An exact copy of all the data, minus the images, is required.

Records excerpted from a collection:
>>>>

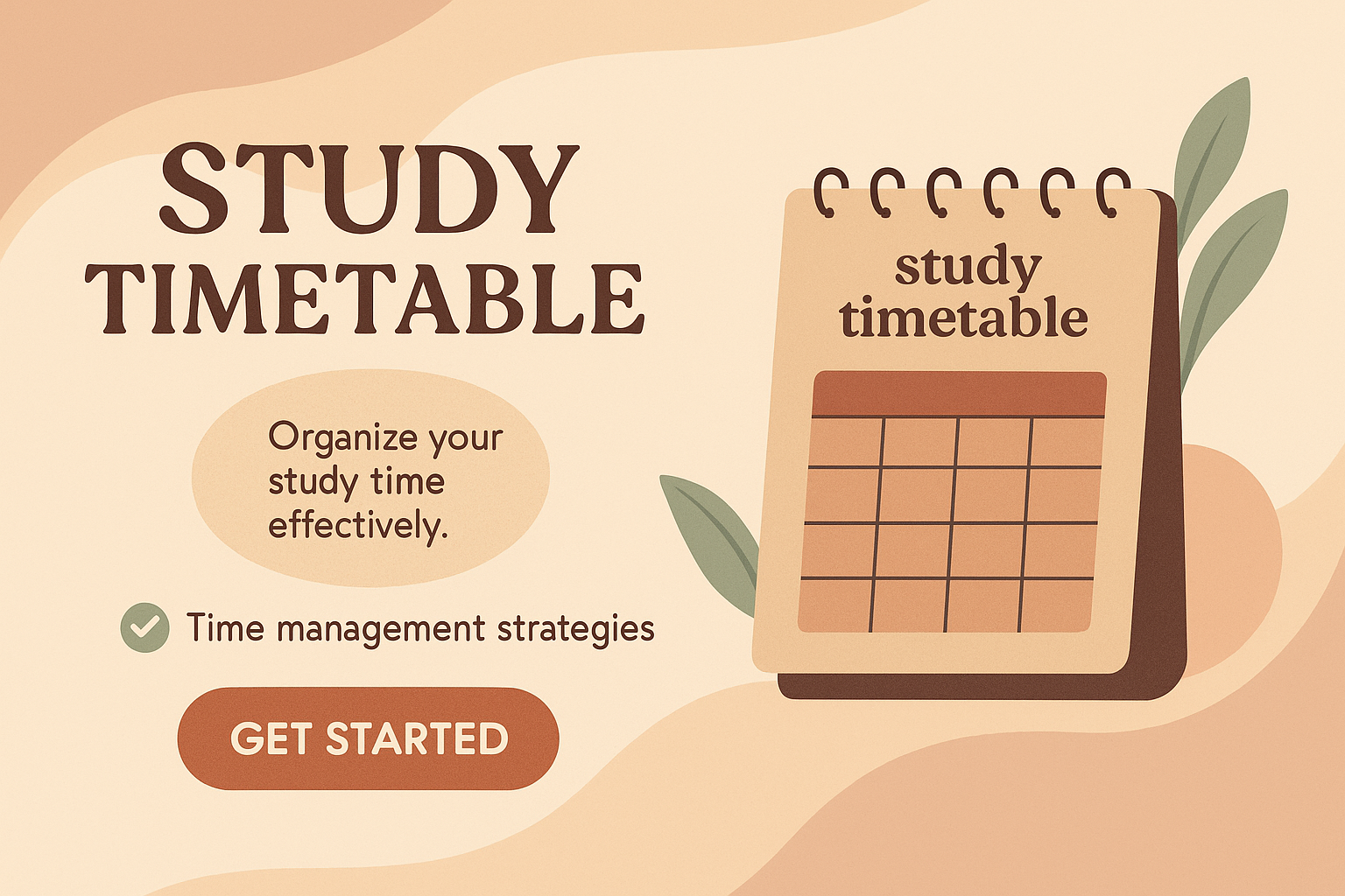 A visually appealing landing page slide featuring a study timetable in a boho style. The design includes a spiral notebook with a calendar, a warm color palette, and engaging text elements.
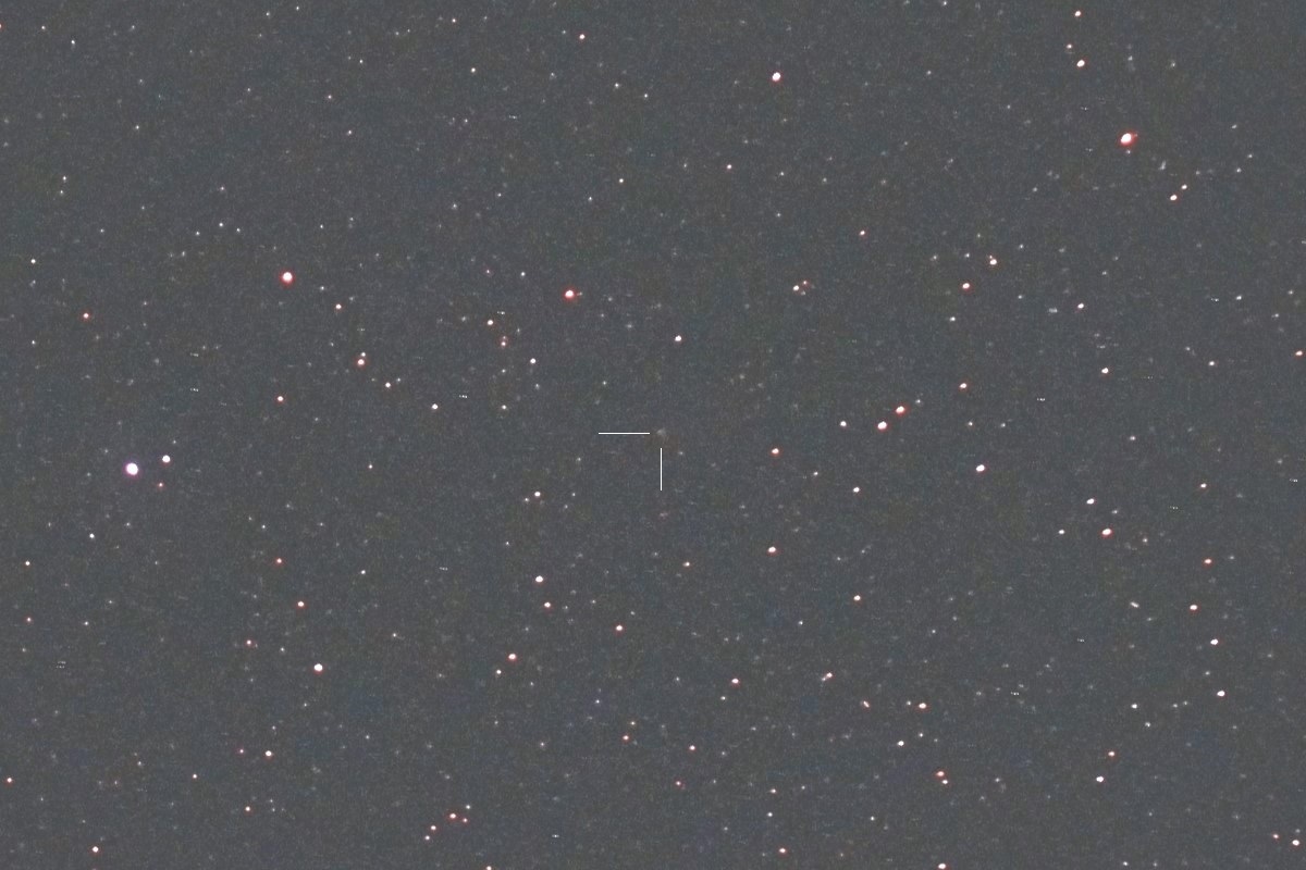 「へび座」ν星(ニュー)の南西1.2度「へびつかい座」との境界付近にいました。 明るさは14等級半ばくらいでしょうか。
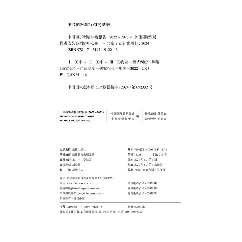 2022 2023 法律出版 2024新书 社9787519791223 中国国际贸易促进委员会调解中心调解报告 中国商事调解年度报告 廖永安 正版 蔡晨风
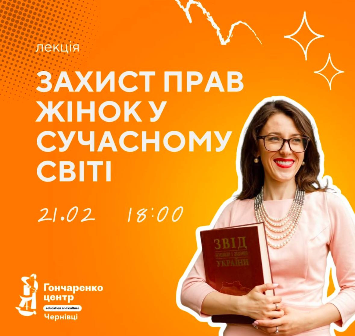 21 лютого о 18:00 в Гончаренко центрі у Чернівцях відбудеться лекція, присвячена актуальній темі – захисту прав жінок у сучасному світі.
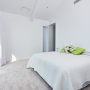 Even the carpet, linen and furniture in the bedrooms is white, echoing the Resene Half Black White walls and ceiling.

<<<<

Answer area
 A visually appealing landing page slide featuring a study timetable in a boho style. The design includes a spiral notebook with a calendar, a warm color palette, and engaging text elements.
 「へび座」ν星(ニュー)の南西1.2度「へびつかい座」との境界付近にいました。 明るさは14等級半ばくらいでしょうか。
 2022 2023 法律出版 2024新书 社9787519791223 中国国际贸易促进委员会调解中心调解报告 中国商事调解年度报告 廖永安 正版 蔡晨风
 21 лютого о 18:00 в Гончаренко центрі у Чернівцях відбудеться лекція, присвячена актуальній темі – захисту прав жінок у сучасному світі.
 Even the carpet, linen and furniture in the bedrooms is white, echoing the Resene Half Black White walls and ceiling.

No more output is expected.